Calls to AEHI headquarters for comment on the indictment and the company’s future plans were not returned.
AEHI faced scrutiny early on and has been in and out of court for many years.
In January 2009 the Fourth Judicial District Court in Ada County dismissed a lawsuit brought against the nuclear watchdog group Snake River Alliance (SRA).
Then SRA Executive Director Andrea Shipley referred to the company and Gillispie as “scammers,” while raising the red flag on its financial operation.
AEHI, in its complaint, unsuccessfully tried to persuade the court to make SRA and Shipley retract their statements, prohibit such future speech and award monetary damages.
In another case, AEHI settled a class-action suit brought by a group of investors for $450,000 in 2012.
Reporter note: Full disclosure: AEHI tried dragging my name through the mud as well. In June 2008, as a freelance reporter for the Times-News, I was asked to cover a community meeting the company was holding in Owhyee County (AEHI shopped several locations before settling on Payette County).
At that meeting a southern Idaho anti-nuclear activist was arrested and charged with trespassing and battery.
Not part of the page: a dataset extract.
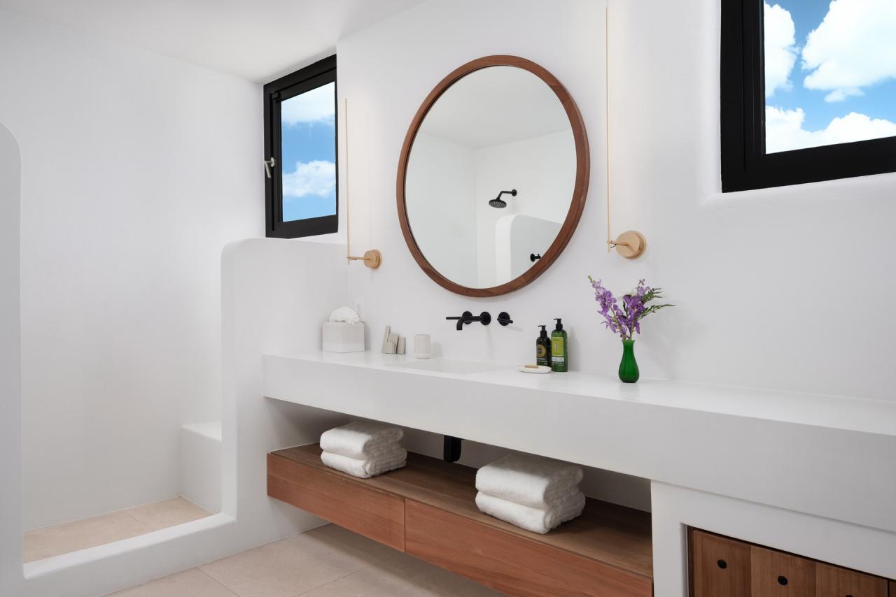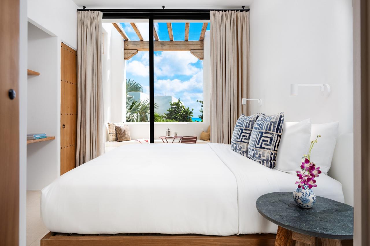 CA'55 is a stunning Turks and Caicos villa retreat inspired by Balearic design, set on the Blue Mountain hillside with breathtaking views of the Princess Alexandra National Park. The property features terraces and whitewashed architecture that blend naturally with the lush surroundings of green foliage and colorful blossoms. Tropical fruit trees and vibrant marine life add to its charm. The outdoor spaces, including a lounging area and infinity pool, are designed to harmonize with the natural landscape, making for a relaxing Turks and Caicos vacation.

My article about the events, along with another reporter’s photo, was soon thereafter published.
Events took a turn for the weird in the coming weeks. AEHI released a letter written by investor and stock promoter James Cooper to Gillispie after the community meeting. This letter was sent to several local newspapers (and published in at least one local newspaper) accusing me of “apparent fabrication of a news story,” and saying I should be “reported.”
The only problem with Cooper’s description of my actions is that he had no idea what I even looked like.
He said I was a middle-aged woman with shoulder-length silver hair who was “too cozy” with the Snake River Alliance. At the time I was 26-years-old and had very short, red hair. Both Cooper and AEHI’s public relations folks promised to officially retract their allegations about me but never did.